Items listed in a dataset
══════════
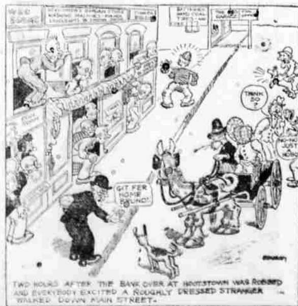
TWO HOURS AFTER THE BANK OVER AT HONOLULU WAS ROBBED AND EVERYBODY EXCITED A ROUGHLY DRESSED STRANGER WALKED DOWN MAIN STREET.
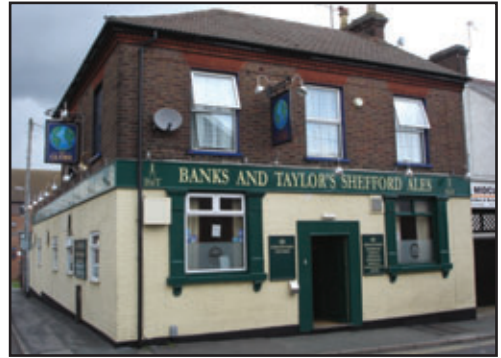
The Globe, Dunstable – Beds POTY 2009

been South Beds branch Pub of the Year for three successive years and has earned its accolade as CAMRA's best pub in Bedfordshire for 2009.
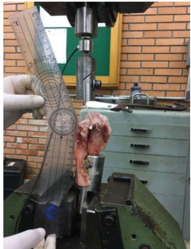
Fig. 5 Tibia position during tests.

The sample size was determined from data from previous studies. 9,21,22 The tensile strength was compared between groups with an F test (analysis of variance [ANOVA]) with multiple size comparisons. Data normality and equality of variances hypothesis were respectively determined by the
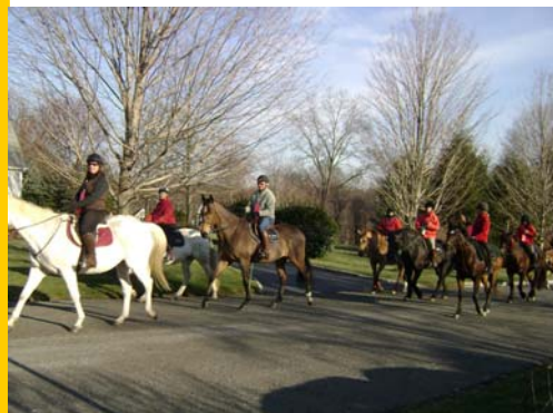
CAROLING ON HORSEBACK December 18th, Hitting the road in search of people to sing to! Almost everyone festive in holiday colors.
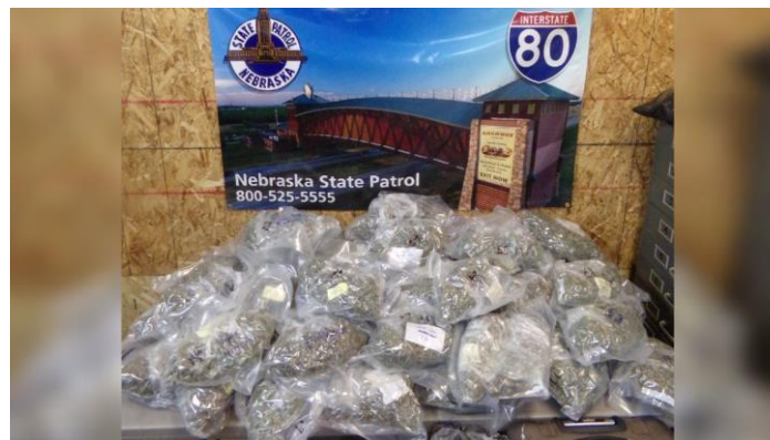
49 POUNDS NEAR KEARNEY
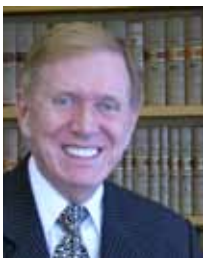
Michael Kirby (Australia)
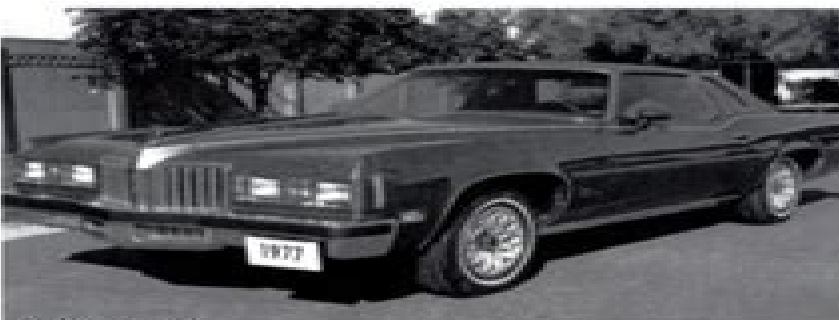
1977 Grand Prix

Pontiac- the leader of the performance pack. No other automobile has done more for high performance than Pontiac. In the beginning there was the GTO, and as other manufacturers were shying away from high powered big engines, Pontiac step up to the plate and hit a home run in 1973 with the 455 Super Duty. The debate may go as to what was the best car, but there is no doubt that Pontiac was the Alpha and Omega of the muscle cars.
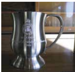
WACOBU Pewter Mug - $50.00
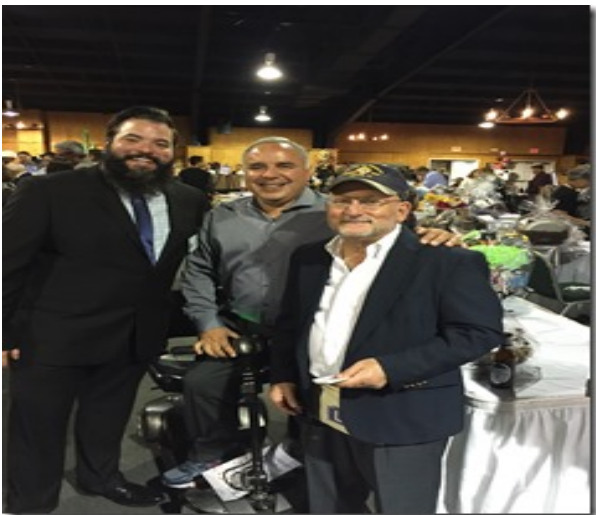
FIGURE 10 BROTHER KNIGHTS SUPPORTING CASINO NIGHTS EVENT
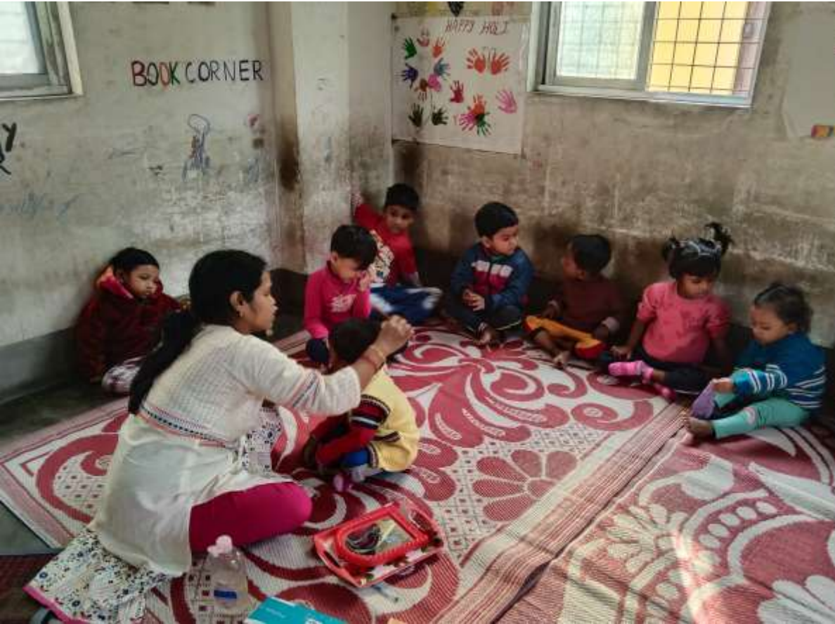
Observing the cleanliness activity being followed at Colibri creche
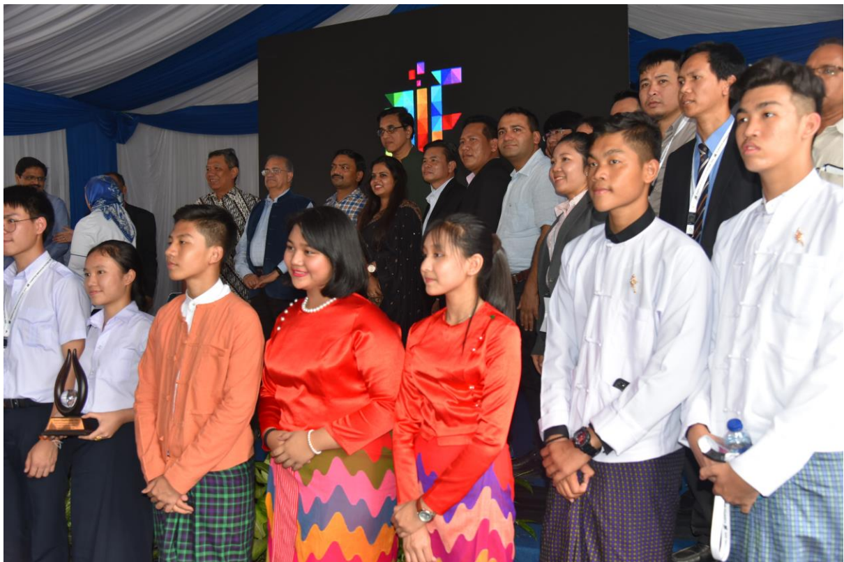
Group photograph of all participants in the ASEAN India Grassroots Innovation Forum at Valedictory function
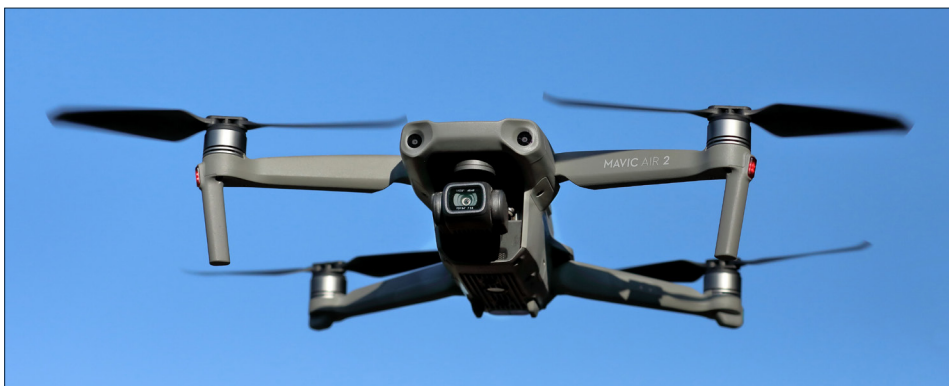
▲ China's DJI Mavic Air 2 drone in flight.
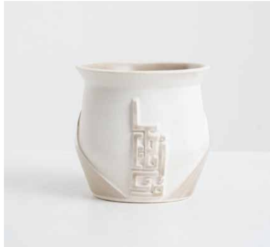
COFFEE CUP Material: Stoneware Dimensions: Ø 7 cm - H 6.5 cm
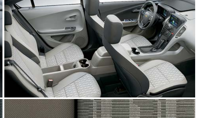
Jet Black Premium Cloth<sup>1</sup>
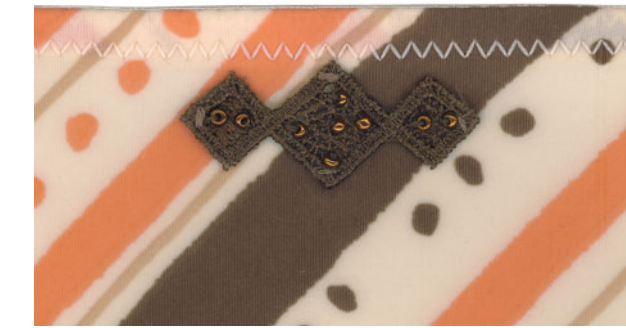
(7)(8) Nude Stripe Print On Paper Touch Microfibre With Guipure : 72% Polyamide 28% Elastane
══════════
• _Prompt_: Without the pictures, repeat all the records word for word.

• _Response below_:
TWO HOURS AFTER THE BANK OVER AT HONOLULU WAS ROBBED AND EVERYBODY EXCITED A ROUGHLY DRESSED STRANGER WALKED DOWN MAIN STREET.
The Globe, Dunstable – Beds POTY 2009

been South Beds branch Pub of the Year for three successive years and has earned its accolade as CAMRA's best pub in Bedfordshire for 2009.
Fig. 5 Tibia position during tests.

The sample size was determined from data from previous studies. 9,21,22 The tensile strength was compared between groups with an F test (analysis of variance [ANOVA]) with multiple size comparisons. Data normality and equality of variances hypothesis were respectively determined by the
CAROLING ON HORSEBACK December 18th, Hitting the road in search of people to sing to! Almost everyone festive in holiday colors.
49 POUNDS NEAR KEARNEY
Michael Kirby (Australia)
1977 Grand Prix

Pontiac- the leader of the performance pack. No other automobile has done more for high performance than Pontiac. In the beginning there was the GTO, and as other manufacturers were shying away from high powered big engines, Pontiac step up to the plate and hit a home run in 1973 with the 455 Super Duty. The debate may go as to what was the best car, but there is no doubt that Pontiac was the Alpha and Omega of the muscle cars.
WACOBU Pewter Mug - $50.00
FIGURE 10 BROTHER KNIGHTS SUPPORTING CASINO NIGHTS EVENT
Observing the cleanliness activity being followed at Colibri creche
Group photograph of all participants in the ASEAN India Grassroots Innovation Forum at Valedictory function
▲ China's DJI Mavic Air 2 drone in flight.
COFFEE CUP Material: Stoneware Dimensions: Ø 7 cm - H 6.5 cm
Jet Black Premium Cloth<sup>1</sup>
(7)(8) Nude Stripe Print On Paper Touch Microfibre With Guipure : 72% Polyamide 28% Elastane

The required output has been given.